I know one is supposed to not mix and match new[] with delete and vice versa (delete[] with new). So

int* k = new int[5];
delete k;

is flawed as it will not free the allocated array. But is the following wrong?

int *k = new int[5];
for (int i = 0; i < 5; ++i)
    delete k[i];

by wrong I mean - will it actually cause a memory leak or undefined behavior?

EDIT** My bad, what I meant to type was this:

int** k = new int*[5];
memset(k, 0, sizeof(int*)*5);

k[3] = new int;

for (int i = 0; i < 5; ++i)
    if (k[i])
    {
        delete k[i];
        k[i] = 0;
    }

In the above, the block of 5 places is never actually freed unless i call delete[] on k itself, though I can new/delete manage the ints inside of it.

Answer 1

k[i] is an int , so it's syntactically invalid to call delete on it. The compiler should raise an error.

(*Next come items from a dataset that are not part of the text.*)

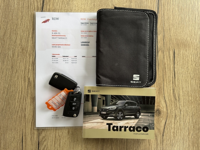 Voor een goed en duidelijk overzicht onderweg is het digitale dashboard uitermate slim ingedeeld. Dankzij de 360 graden camera op de auto, wordt manoeuvreren in smalle straatjes ineens veel eenvoudiger. Adaptive cruise control houdt de ingestelde snelheid vast en houdt automatisch afstand tot uw voorligger. Deze SEAT Tarraco maakt het u makkelijk. Vandaar ook de elektrisch inklapbare trekhaak. Zo'n lekkere jonge auto heeft natuurlijk leuke extra's, zoals remote services. Met een speciale app maakt u overal verbinding met de auto. Zo kunt u functies activeren en controleren. En dan is deze auto ook nog eens voorzien van full map navigatiesysteem, automatische airconditioning, draadloos opladen, DAB ontvangst, keyless entry en automatisch dimmende binnenspiegel.
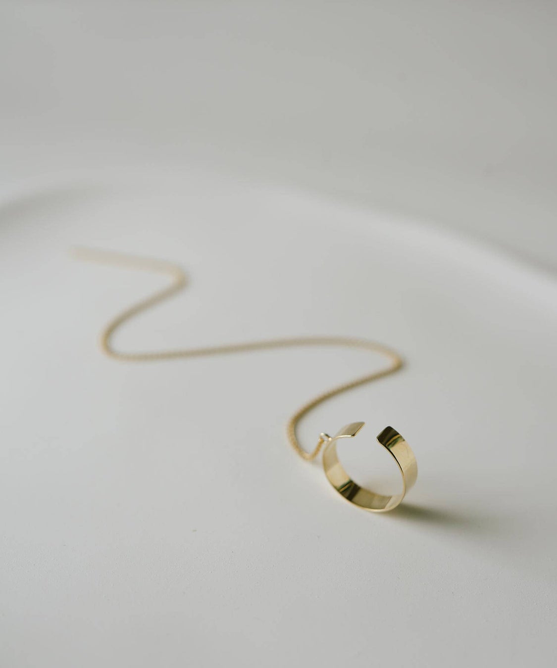 シンプルながらも洗練されたデザインが耳元を美しく彩るフラットフープのイヤーカフが登場しました。K10ゴールドのフラットフープが持つ艶やかな輝きと、繊細に揺れるチェーンの組み合わせが、動くたびに華やかな印象を与えます。
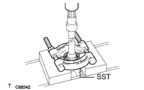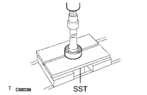 (b) Using SST and a press, remove the front drive shaft bearing.

Even if you could, it would result in undefined behavior (saying you have an array of pointers which you allocate with new[] and attempt to delete it with delete ). Mixing new[] with delete and new[] with delete results in UB.

Answer 2

You can't mix-and-match either way. If you do, you have undefined behaviour (§5.3.5/2):

In the first alternative ( delete object ), the value of the operand of delete may be a null pointer value, a pointer to a non-array object created by a previous new-expression , or a pointer to a subobject (1.8) representing a base class of such an object (Clause 10). If not, the behavior is undefined.

In the second alternative ( delete array ), the value of the operand of delete may be a null pointer value or a pointer value that resulted from a previous array new-expression . If not, the behavior is undefined.

(bold emphasis is mine)